Terry Shaw was a road and track racer himself (and still coaches the noob sessions at the velodrome), so I'm not surprised at his racer bias in fittings, but nonetheless, they do a great job with maintenance, wheel building, etc., so for that stuff, they should still be fine. I also like George over at Slough's. I do almost all my own wrenching, but when I have a tough problem that requires specialty tools, I almost always go to one of these two shops and have never been disappointed.


----------



## grrrah (Jul 22, 2005)

smw said:


> I just started going there recently. So far so good. I know the manager there is fairly new. Very knowledgable though. For my mt biking stuff I use TrailHead and Passion, I seem to have to shop around for roadie stuff, but yes Sun has been good to me and they have also given me discounts. I think as they get to know you the better they get.

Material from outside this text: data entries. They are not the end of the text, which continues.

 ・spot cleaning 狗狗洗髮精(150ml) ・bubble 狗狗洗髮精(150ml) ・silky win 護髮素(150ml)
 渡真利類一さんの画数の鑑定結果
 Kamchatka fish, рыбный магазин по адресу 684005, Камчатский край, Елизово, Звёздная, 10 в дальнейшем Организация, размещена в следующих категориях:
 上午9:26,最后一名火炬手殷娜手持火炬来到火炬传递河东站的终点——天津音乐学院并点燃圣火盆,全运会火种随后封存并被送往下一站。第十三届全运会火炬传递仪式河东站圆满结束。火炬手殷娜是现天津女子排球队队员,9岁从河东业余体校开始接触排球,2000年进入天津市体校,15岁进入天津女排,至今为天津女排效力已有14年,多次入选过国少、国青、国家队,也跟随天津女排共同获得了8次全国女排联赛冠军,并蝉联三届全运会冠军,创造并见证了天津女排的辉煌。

hmm.. hey sean, The wrenching at sun is good. I don't really care fore the new manager. Sun used to be my LBS when Mike was still there, but he moved to (forgot the name) in Palo Alto now. Ive gone back to sun a couple times since, and have recieved similar treatment to Stumpy_Steve. Sun does have a bunch of small parts crammed in their inventory, so I go back when looking for specific parts, but the last time, I knew exactly what I wanted, and the new mgr was trying to tell me different. And yes, the more they know you, the better they treat you.. too bad I always dealt with Mike.

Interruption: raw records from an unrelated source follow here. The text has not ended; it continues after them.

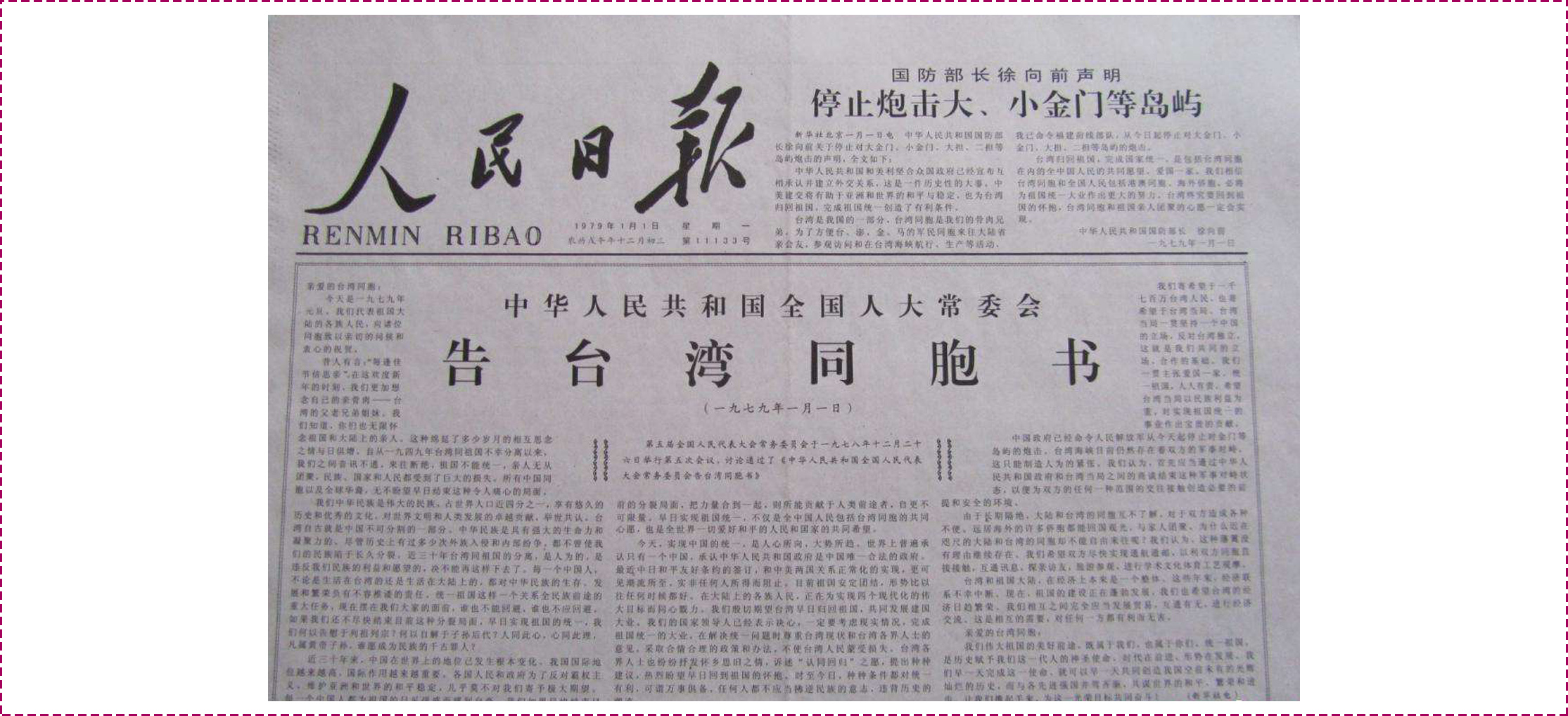 全国人大常委会《告台湾同胞书》开启了大陆对台政策的调整。从中共十一届三中全会到1984年,邓小平同志着眼实现国家完全统一,以超凡的智慧和胆略创造性地提出“一国两制”伟大构想,并首先成功地运用于解决历史遗留的香港、澳门问题。
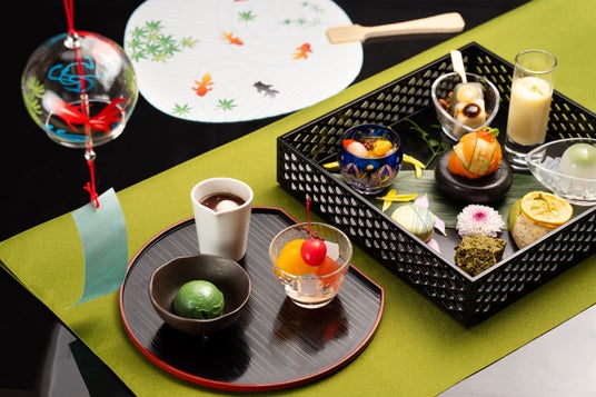 盛り付けには、金魚鉢や風に揺れる青葉を思わせる涼感のある和の器を用い、目にも涼やかな夏の情景を表現。京都らしい情緒と、ホテルならではのモダンな感性が融合した、上質な和のアフタヌーンティー体験をご提供いたします。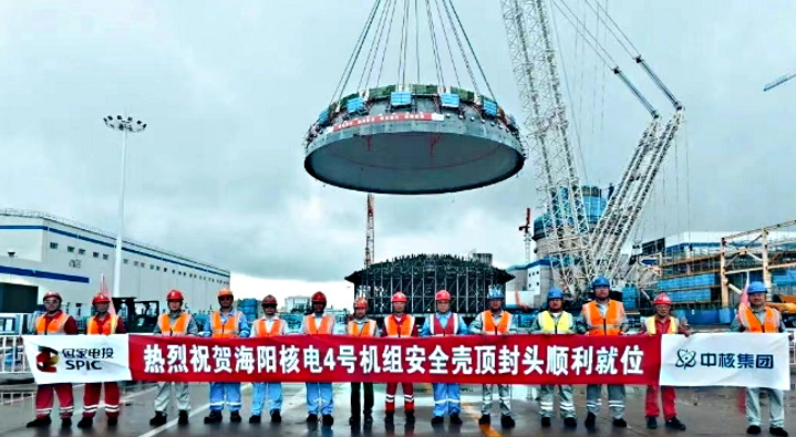 Wedoany.com Report-Sept. 10, The installation of the uppermost section of the steel containment vessel has been completed at unit 4 of the Haiyang nuclear power plant in Shandong province, China. This marks a significant milestone in the construction of the CAP1000 reactor, which is the Chinese version of the Westinghouse AP1000.
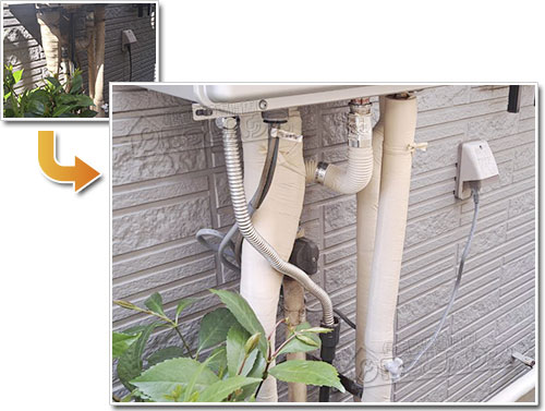 一部の業者は、給湯器に不向きな「エアコン用の白い保温材」を流用しています。
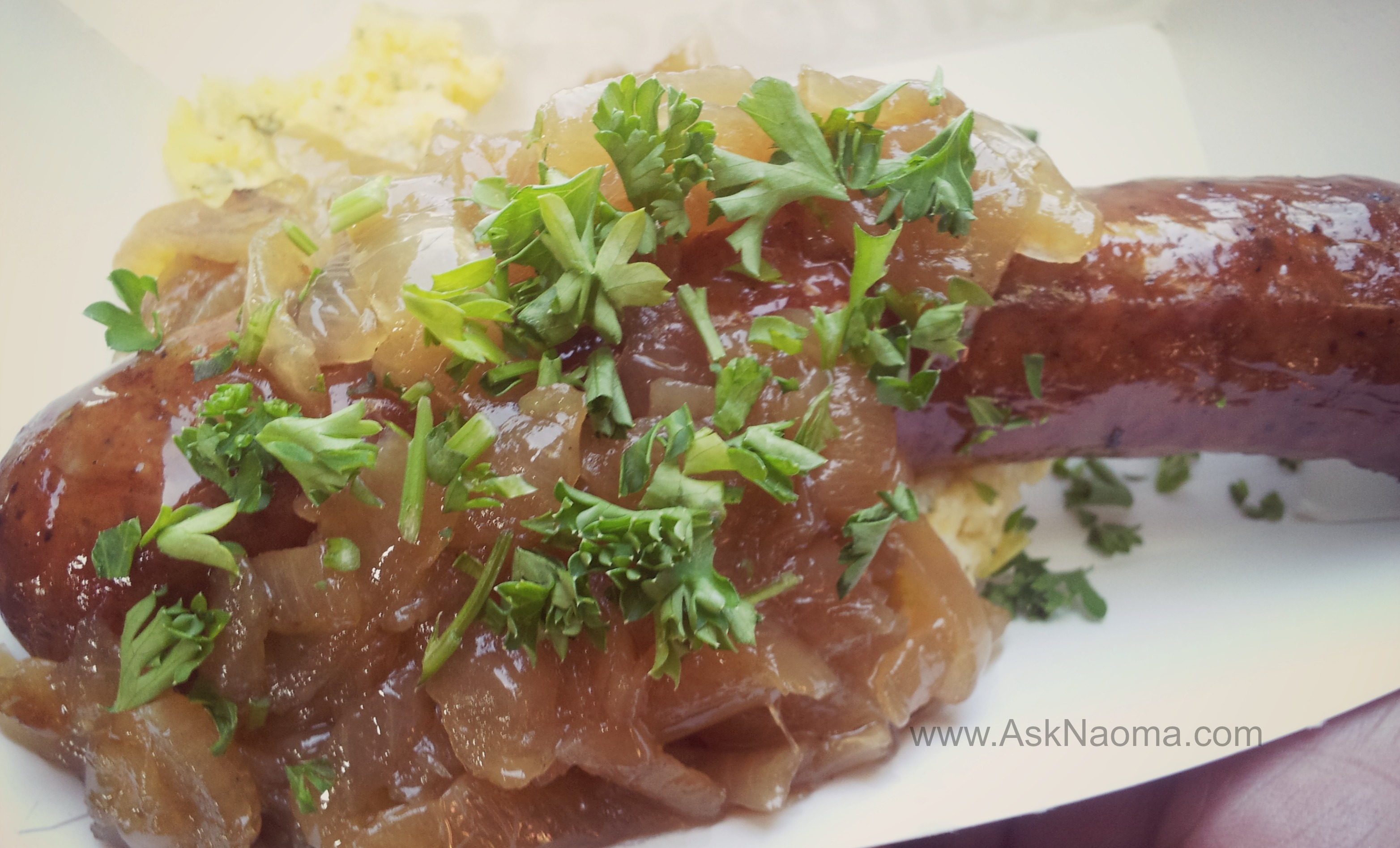 Canada – Venison Sausage & Corn Porridge – Wood-fired Venison Sausage & Creamy Polenta with Apple Cider & Carmelized Onions

as for wheelaway, my experiences pretty much echo others here. only been there for parts, but seem like a good shop.


----------



## CrankyMonkey (Jul 8, 2007)

I'm not to crazy with Summit, every time I get my MTB back from them something is always screwed up. They are the main reason I ended up learning how to wrench on my own bikes. The best thing you could do is get a bike stand, some tools and a good maintenance book. Bikes are simple machines and really easy to work on.

I've heard good things about Willow Glen and Cupertino Bikes. I would also check out Calabasas in Cupertino, I just bought a threaded freewheel from them and they seemed really cool. What about Mike's Bikes? I've yet to visit them but I just saw a commercial on TDF.


----------



## CrankyMonkey (Jul 8, 2007)

I've had good experiences with the Bike Doctor too: www.thebikedoctor.net. His prices are extremely fair, his work is top notch and he turns around your bike the same day. You can also drop it off at one of his corporate repair days to avoid the house call fee.


----------